The fact is, Miller wants to ski the way he wants to ski, which can be summed up in the word "hellbent." Sometimes, it doesn't go so well, especially when his heart is not in it (see, Turin). Sometimes, he does OK (see, Vancouver).

But part of the reason that has worked out for him here is that he's come in with no expectations.

Perhaps the most telling measure of his transformation both on and off the course is that, in many ways, he – not Lindsey Vonn – has become the great American success story of the Vancouver Winter Olympics.

If you'd told that to NBC before the Olympics began, they would have floated you off on your own ice floe with mukluks and multimillion-dollar severance package.

Even now, Miller isn't likely to be pressing his face to the window of the "Today Show" studio, begging to tell the story of how The Grinch Who Stole Turin has seen the error of his ways. He told a Canadian television crew Sunday that there are still some things he doesn’t like about the Olympics. He didn't elaborate.

“The three medals are a distraction,” he added later.

Here come the distractions

So far, he has been able to generally steer clear of those distractions. But they might be just beginning if VONNcouver becomes the Millerympics.

In truth, Miller hasn’t been an elite skier in the slower, technical events – slalom and giant slalom – for three to four years.
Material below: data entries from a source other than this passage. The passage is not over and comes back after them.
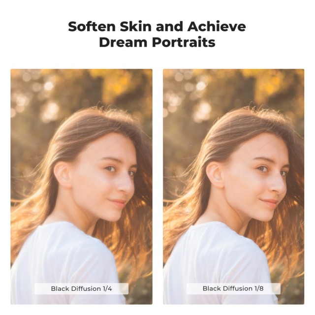 Filter K&F Concept Black Diffusion Mist lahko zmehča svetlobne odseve, zmanjša kontrast in ustvari filmski učinek za videoposnetke in fotografije.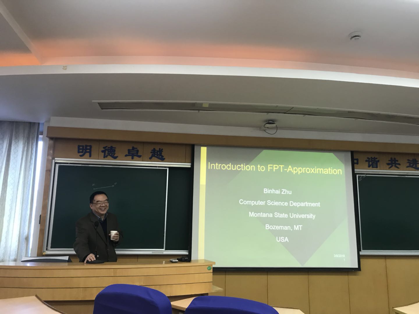 3月9日下午2点,美国蒙大拿州立大学朱滨海教授为51视频 全体师生做了一场题为“参数近似算法简介”的学术报告,报告会在旭日楼306教室举行,由郑斐峰副院长主持。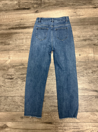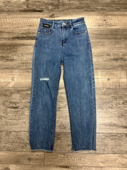 Description : Dark wash denim jeans with a distressed rip on the left thigh and frayed hem edges

His World Cup wins in those races generally came earlier in his career.

Since Turin, he has had far more success in the speed events – the downhill and super-G – which have now concluded at the Vancouver Games.

But his slalom run in the combined is a reminder that he still can have flashes of brilliance in any discipline.

On a difficult course set specifically for the slalom specialists in the field, Miller posted the third-fastest time (behind two other Americans, incidentally: Ted Ligety and Will Brandenburg).

It gave the five-medal debate a stronger scent of legitimacy.

Not that Miller is likely to care. “I was proud of my race [Sunday] right when I came across the finish line, not even knowing I had a medal,” he said.